🤖 AI Summary
This work addresses the challenge that large language models struggle to anticipate the computational demands of tasks under strict global token budgets, leading to inefficient allocation of inference resources. To tackle this, the authors propose ROI-Reasoning, a novel framework that formulates budget-constrained reasoning as an ordered stochastic multiple-choice knapsack problem. By integrating an intrinsic metacognitive mechanism—trained via metacognitive fine-tuning and rationality-aware reinforcement learning—the model learns to estimate task difficulty and expected utility prior to inference, enabling strategic computation allocation. Empirical evaluations demonstrate that this approach significantly enhances overall performance across multiple mathematical reasoning benchmarks and substantially reduces decision regret under tight computational budgets.
📝 Abstract
Large language models (LLMs) can achieve strong reasoning performance with sufficient computation, but they do not inherently know how much computation a task requires. We study budgeted inference-time reasoning for multiple tasks under a strict global token constraint and formalize it as a Ordered Stochastic Multiple-Choice Knapsack Problem(OS-MCKP). This perspective highlights a meta-cognitive requirement -- anticipating task difficulty, estimating return over investment (ROI), and allocating computation strategically.

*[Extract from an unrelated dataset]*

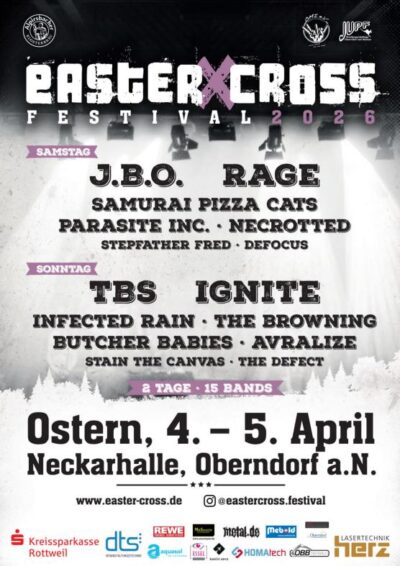 Das Line-Up für das EASTER CROSS 2026 am 04. und 05. April 2026 in Oberndorf am Neckar steht nach Austocken von AVRALIZE fest und es ist nur noch etwas mehr als ein Monat, bis die Tore

We propose ROI-Reasoning, a two-stage framework that endows LLMs with intrinsic, budget-aware rationality. In the first stage, Meta-Cognitive Fine-Tuning teaches models to predict reasoning cost and expected utility before generation, enabling explicit solve-or-skip decisions. Next, Rationality-Aware Reinforcement Learning optimizes sequential decision making under a hard token budget, allowing models to learn long-horizon allocation strategies. Across budgeted mathematical reasoning benchmarks, ROI-Reasoning consistently improves overall score while substantially reducing regret under tight computation budgets.